Educational Materials for Teachers: Ethics of Digitalization and Artificial Intelligence

The IZEW is developing teaching materials for teachers at German schools in the context of the digital transformation. The ethical reflection of media phenomena in the digital world guides the creation of teaching concepts and materials. The current focus is on topics of security risks for children and youth online and the risk of discrimination through artificial intelligence.

IZEW-Team

  • PD Dr. Jessica Heesen (Project leader)
  • Laura Schelenz  (Project research associate)

Funding

June 2023 - October 2024

 

Project description

As part of TüDiTeach 2.0 and in cooperation with the Tübingen School of Education (TüSE), the IZEW is developing teaching materials for teachers at German schools in the context of digital transformation. The materials support teachers in dealing with previously underexposed topics of digital life, media use, and new developments in connection with artificial intelligence. While schools are well equipped with existing materials for their traditional subject areas, there is a need among teachers for knowledge and concepts to reflect on phenomena such as security risks and discrimination against children and youth in their use of digital media.
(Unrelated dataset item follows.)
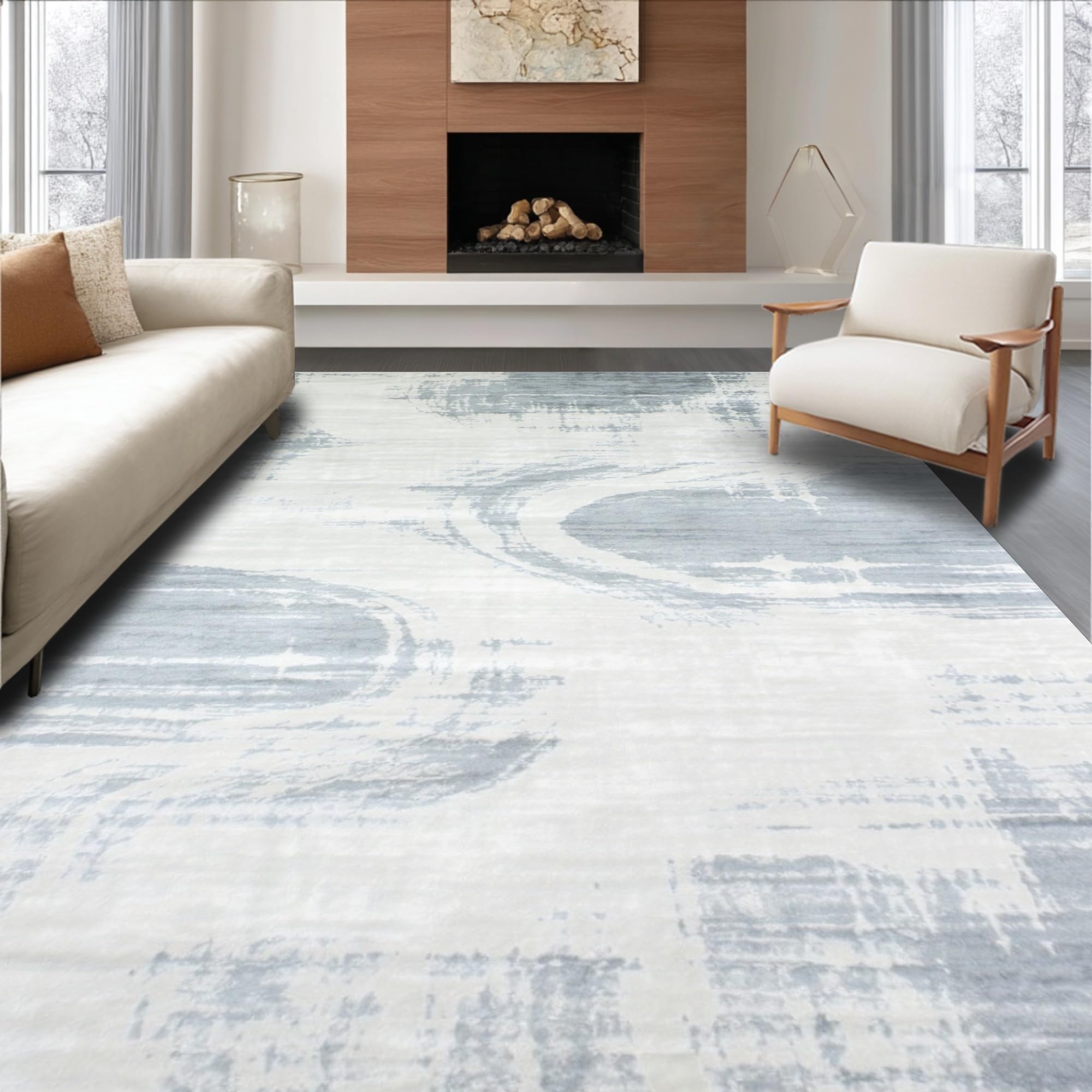 Ultra Soft Area Rug, Non Slip, Stain Resistant, Washable Area Rugs for Living Room, Bedroom, Luxurious Plush Furry Ripple Pattern(Gray) Overview:

To support teachers, the IZEW sub-project is developing materials for ethical reflection on topics relating to digitalization and AI.

The thematic focus of the teaching materials currently includes (but will be continuously expanded)

- Online safety for children (interaction risks/content risks)

- Discrimination and artificial intelligence

The teaching materials are published internationally in publicly accessible repositories under the Creative Commons License CC BY-NC 4.0 Attribution-NonCommercial 4.0. In particular, they are aligned with the school curriculum in Baden-Württemberg (especially German, English and Ethics), but they can be adapted by teachers at schools throughout Germany and integrated into their own lesson plans.